▸ **TASK OBJECTIVE**: Copy out exactly, from the entries that follow, the line holding "Auburn public school", the line holding "徐博鑫同学主要基于时序信息的", and all lines between them, but no pictures.

▸ **DATA EXCERPTS**:
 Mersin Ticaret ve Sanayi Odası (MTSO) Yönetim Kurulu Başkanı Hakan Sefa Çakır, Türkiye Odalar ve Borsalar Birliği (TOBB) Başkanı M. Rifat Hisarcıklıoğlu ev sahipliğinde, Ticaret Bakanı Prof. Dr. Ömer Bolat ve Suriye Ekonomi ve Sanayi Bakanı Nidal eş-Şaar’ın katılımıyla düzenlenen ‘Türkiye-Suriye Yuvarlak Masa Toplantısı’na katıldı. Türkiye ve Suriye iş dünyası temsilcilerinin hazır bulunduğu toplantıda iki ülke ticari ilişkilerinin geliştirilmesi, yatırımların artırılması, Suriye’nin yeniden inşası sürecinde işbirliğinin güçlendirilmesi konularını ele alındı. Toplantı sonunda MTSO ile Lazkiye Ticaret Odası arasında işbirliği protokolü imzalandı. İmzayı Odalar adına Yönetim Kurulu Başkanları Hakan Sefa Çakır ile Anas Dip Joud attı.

--

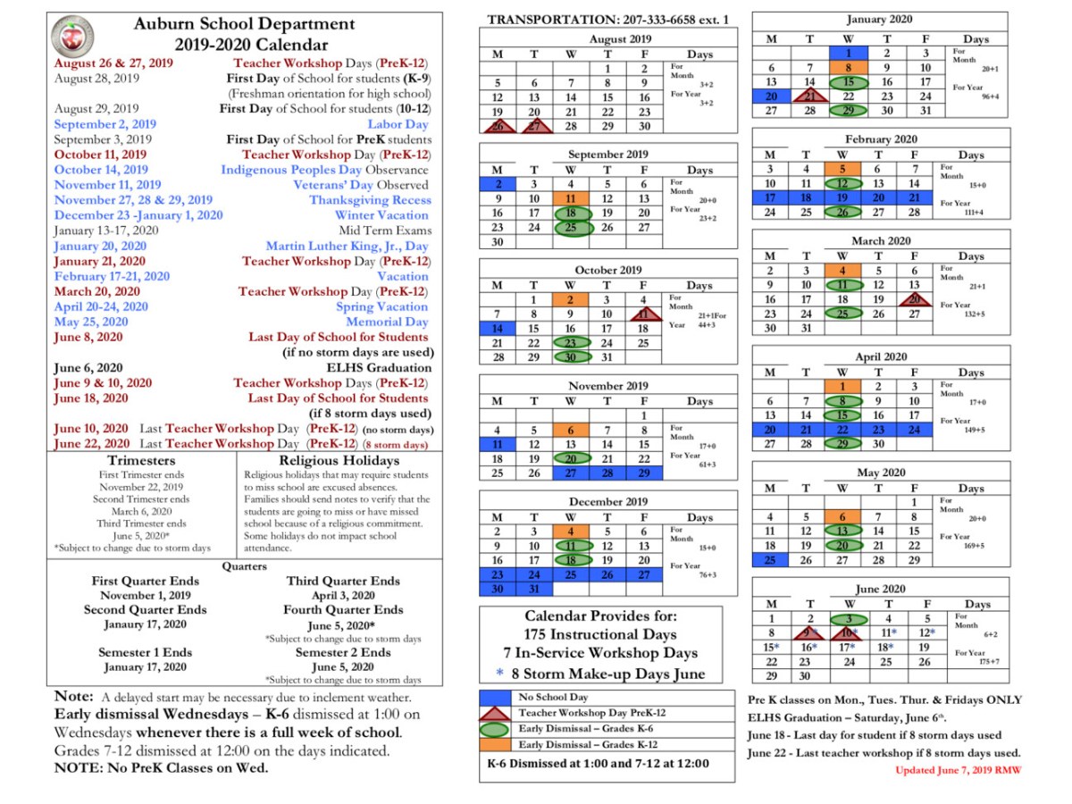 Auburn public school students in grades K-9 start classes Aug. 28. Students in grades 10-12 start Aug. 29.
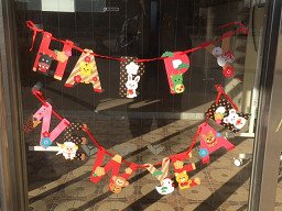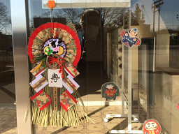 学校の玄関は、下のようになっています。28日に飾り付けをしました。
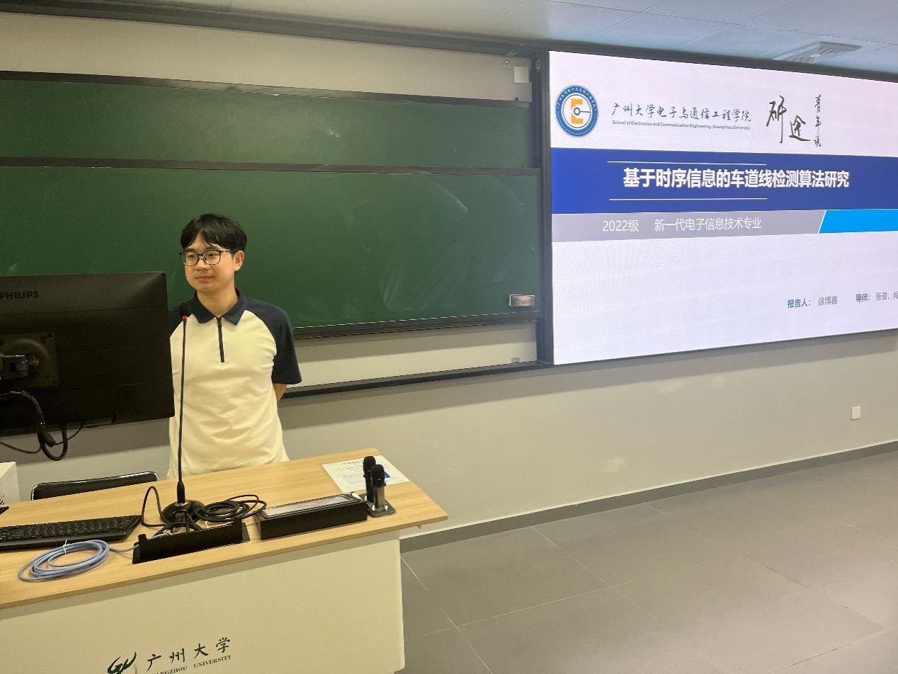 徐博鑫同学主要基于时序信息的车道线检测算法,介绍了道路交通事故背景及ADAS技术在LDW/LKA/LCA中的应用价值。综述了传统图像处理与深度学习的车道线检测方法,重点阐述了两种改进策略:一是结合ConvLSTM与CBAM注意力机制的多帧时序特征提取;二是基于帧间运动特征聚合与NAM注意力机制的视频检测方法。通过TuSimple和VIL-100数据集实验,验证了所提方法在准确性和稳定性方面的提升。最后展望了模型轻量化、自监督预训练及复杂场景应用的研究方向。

---

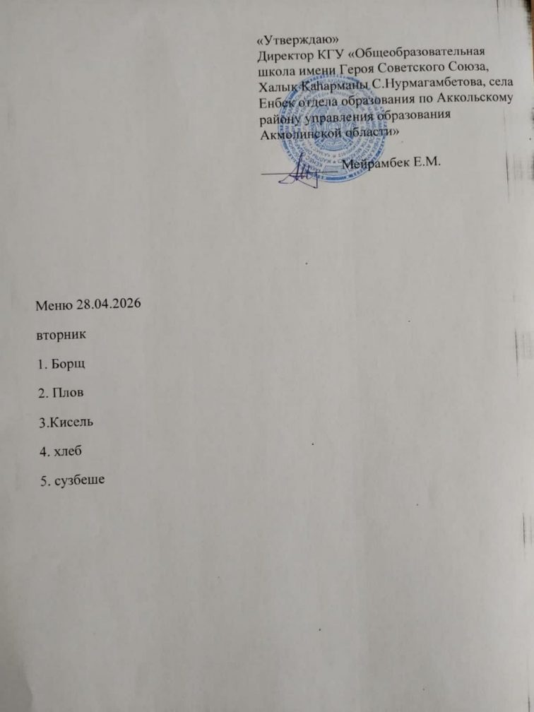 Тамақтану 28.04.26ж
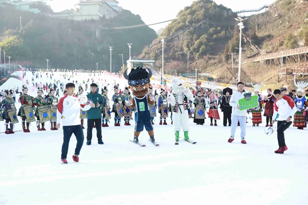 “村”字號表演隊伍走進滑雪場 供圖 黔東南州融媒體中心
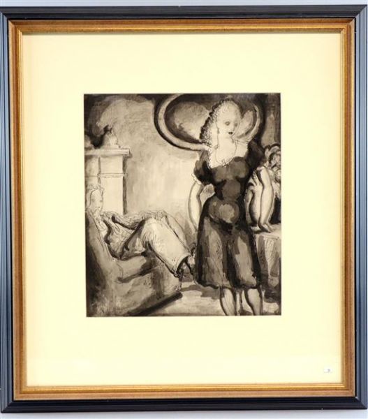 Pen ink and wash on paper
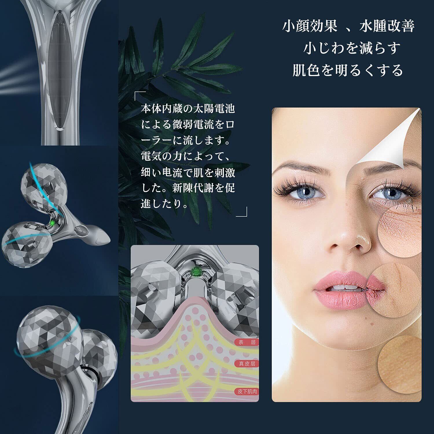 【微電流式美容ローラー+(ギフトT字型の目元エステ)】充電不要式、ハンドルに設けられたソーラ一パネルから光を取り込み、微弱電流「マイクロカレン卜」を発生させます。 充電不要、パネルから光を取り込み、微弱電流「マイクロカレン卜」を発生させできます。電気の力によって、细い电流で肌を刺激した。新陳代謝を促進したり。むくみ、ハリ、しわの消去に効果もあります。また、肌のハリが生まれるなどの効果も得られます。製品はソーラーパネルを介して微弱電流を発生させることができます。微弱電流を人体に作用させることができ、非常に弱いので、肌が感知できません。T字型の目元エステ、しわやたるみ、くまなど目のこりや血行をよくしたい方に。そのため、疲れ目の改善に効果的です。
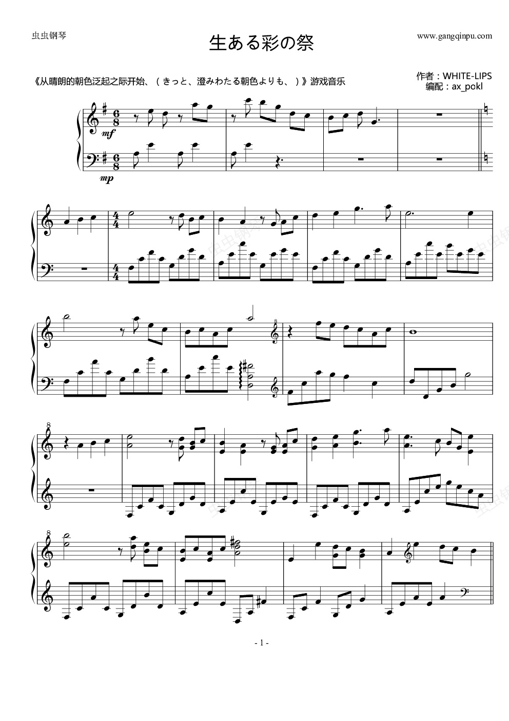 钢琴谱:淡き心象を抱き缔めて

▸ **RESULT**:
 Auburn public school students in grades K-9 start classes Aug. 28. Students in grades 10-12 start Aug. 29.
 学校の玄関は、下のようになっています。28日に飾り付けをしました。
 徐博鑫同学主要基于时序信息的车道线检测算法,介绍了道路交通事故背景及ADAS技术在LDW/LKA/LCA中的应用价值。综述了传统图像处理与深度学习的车道线检测方法,重点阐述了两种改进策略:一是结合ConvLSTM与CBAM注意力机制的多帧时序特征提取;二是基于帧间运动特征聚合与NAM注意力机制的视频检测方法。通过TuSimple和VIL-100数据集实验,验证了所提方法在准确性和稳定性方面的提升。最后展望了模型轻量化、自监督预训练及复杂场景应用的研究方向。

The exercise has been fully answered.